▶ [Stored data]:
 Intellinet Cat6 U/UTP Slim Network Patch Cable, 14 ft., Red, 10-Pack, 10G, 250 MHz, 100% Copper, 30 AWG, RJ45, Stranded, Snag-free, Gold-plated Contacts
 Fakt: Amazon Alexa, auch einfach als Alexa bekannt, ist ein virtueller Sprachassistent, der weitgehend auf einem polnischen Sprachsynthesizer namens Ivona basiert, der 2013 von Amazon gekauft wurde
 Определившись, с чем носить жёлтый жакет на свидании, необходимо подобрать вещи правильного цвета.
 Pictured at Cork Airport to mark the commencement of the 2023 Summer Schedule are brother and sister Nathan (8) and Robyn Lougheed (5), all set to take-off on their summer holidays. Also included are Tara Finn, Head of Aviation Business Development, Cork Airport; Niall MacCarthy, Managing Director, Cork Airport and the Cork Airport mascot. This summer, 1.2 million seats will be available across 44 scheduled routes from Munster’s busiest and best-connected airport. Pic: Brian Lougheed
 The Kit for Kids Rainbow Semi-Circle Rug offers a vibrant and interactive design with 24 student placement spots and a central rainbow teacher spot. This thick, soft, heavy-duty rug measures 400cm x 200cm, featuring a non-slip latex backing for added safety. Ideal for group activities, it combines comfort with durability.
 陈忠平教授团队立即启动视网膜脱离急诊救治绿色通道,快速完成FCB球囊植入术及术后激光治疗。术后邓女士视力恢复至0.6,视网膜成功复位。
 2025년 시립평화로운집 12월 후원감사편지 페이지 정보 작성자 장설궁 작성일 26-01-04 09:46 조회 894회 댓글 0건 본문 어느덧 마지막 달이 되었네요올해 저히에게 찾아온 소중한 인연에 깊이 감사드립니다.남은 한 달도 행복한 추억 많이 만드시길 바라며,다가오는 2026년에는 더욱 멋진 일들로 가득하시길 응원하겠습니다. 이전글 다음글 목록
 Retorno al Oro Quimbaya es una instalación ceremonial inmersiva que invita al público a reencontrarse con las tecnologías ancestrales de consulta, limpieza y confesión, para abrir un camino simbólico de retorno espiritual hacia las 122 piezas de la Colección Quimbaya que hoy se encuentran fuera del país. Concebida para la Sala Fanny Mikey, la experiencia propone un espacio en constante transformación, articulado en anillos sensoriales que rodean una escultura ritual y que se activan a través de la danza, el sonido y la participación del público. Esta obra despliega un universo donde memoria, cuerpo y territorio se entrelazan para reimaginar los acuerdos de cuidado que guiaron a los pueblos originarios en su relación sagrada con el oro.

▶ [Work task]: Please transcribe the data exactly from its first line. End with the line that contains "Pictured at Cork".

▶ [Answer space]:
 Intellinet Cat6 U/UTP Slim Network Patch Cable, 14 ft., Red, 10-Pack, 10G, 250 MHz, 100% Copper, 30 AWG, RJ45, Stranded, Snag-free, Gold-plated Contacts
 Fakt: Amazon Alexa, auch einfach als Alexa bekannt, ist ein virtueller Sprachassistent, der weitgehend auf einem polnischen Sprachsynthesizer namens Ivona basiert, der 2013 von Amazon gekauft wurde
 Определившись, с чем носить жёлтый жакет на свидании, необходимо подобрать вещи правильного цвета.
 Pictured at Cork Airport to mark the commencement of the 2023 Summer Schedule are brother and sister Nathan (8) and Robyn Lougheed (5), all set to take-off on their summer holidays. Also included are Tara Finn, Head of Aviation Business Development, Cork Airport; Niall MacCarthy, Managing Director, Cork Airport and the Cork Airport mascot. This summer, 1.2 million seats will be available across 44 scheduled routes from Munster’s busiest and best-connected airport. Pic: Brian Lougheed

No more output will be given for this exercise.